7.1 7.1 In-class exercises (short, exploratory)

  1. LDA with and without twins
    • Using geno_df, re-run LDA after removing Twin2.
    • Compare the LDA scatterplot (LD1 vs LD2) with and without the second twin.
    • Do the global population separations change?
  2. MDS with and without oversampling
    • Create a balanced subset: randomly sample 15 individuals from PopA, all from PopB and PopC.
    • Re-run MDS on this balanced dataset.
    • Compare the MDS plot to the original one. How does oversampling PopA influence the configuration?
  3. Hierarchical clustering linkage methods
    • Run hierarchical clustering with method = "single", "average", and "complete".
    • Compare how the dendrogram changes, especially for the twin pair.

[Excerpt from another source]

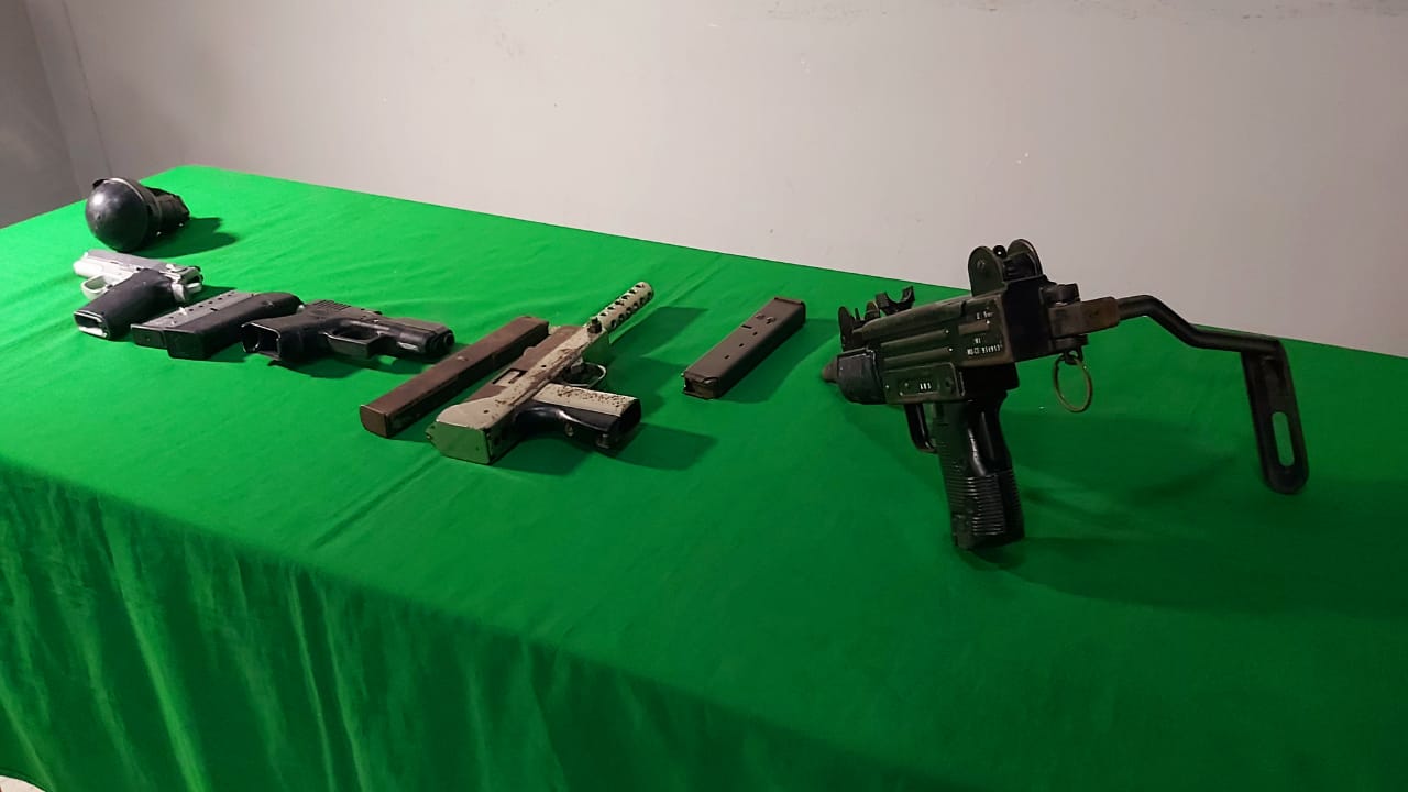 En la vivienda donde estaban alojados fue encontrada una miniuzi, una granada de aturdimiento y cuatro cartuchos. El grupo antes residía en Puerto Colombia.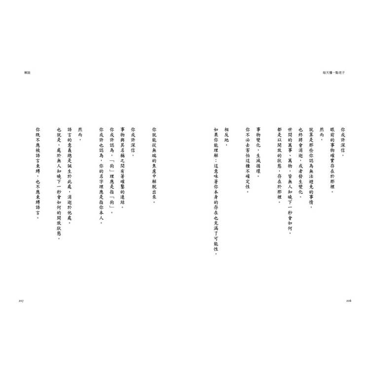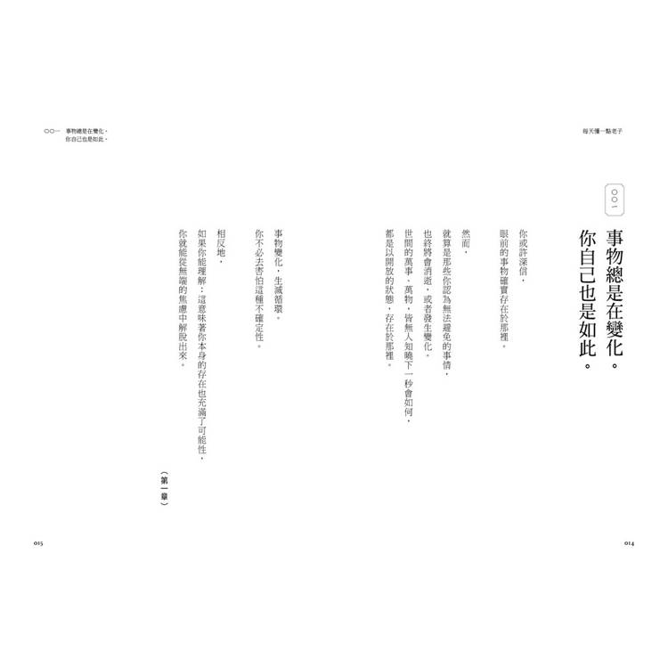 本書將引領讀者,以老子的話語照見自身,從生活中的困境與變化汲取力量,找到活得自在而真實的方式。

7.2 7.2 Homework-style exercises (more involved)

  1. MDS vs LDA
    • On the full dataset, compare LDA (LD1 vs LD2) and MDS (MDS1 vs MDS2).
    • Which method separates PopB from PopA more clearly?
    • Discuss how supervision (LDA uses labels) influences the result.
  2. NJ on a different distance
    • Instead of Euclidean distance on SNP genotypes, compute a Manhattan distance:

      D_manhattan <- dist(geno_X, method = "manhattan")
      tree_manhattan <- nj(D_manhattan)
      plot(tree_manhattan, cex = 0.5)
    • Compare the tree to the Euclidean-based tree; how stable are the main splits?

  3. Adding extra near-duplicates
    • Artificially create 5 additional near-duplicate individuals in PopC by copying 5 real individuals and adding small random noise to their genotypes.
    • Re-run MDS, hierarchical clustering, and NJ.
    • How do these extra near-duplicates in PopC affect the results?
  4. Extension to real data (optional)
    • Apply the same pipeline (LDA, MDS, clustering, NJ) to a real dataset (e.g. SNP genotypes or gene expression).
    • Identify any suspected related individuals or technical replicates.
    • Compare results with and without these samples.

This R Markdown provides code, theory, and examples to illustrate how LDA, MDS, and clustering methods behave in the presence of highly related samples. You can adapt the simulations or swap in real datasets for teaching or analysis.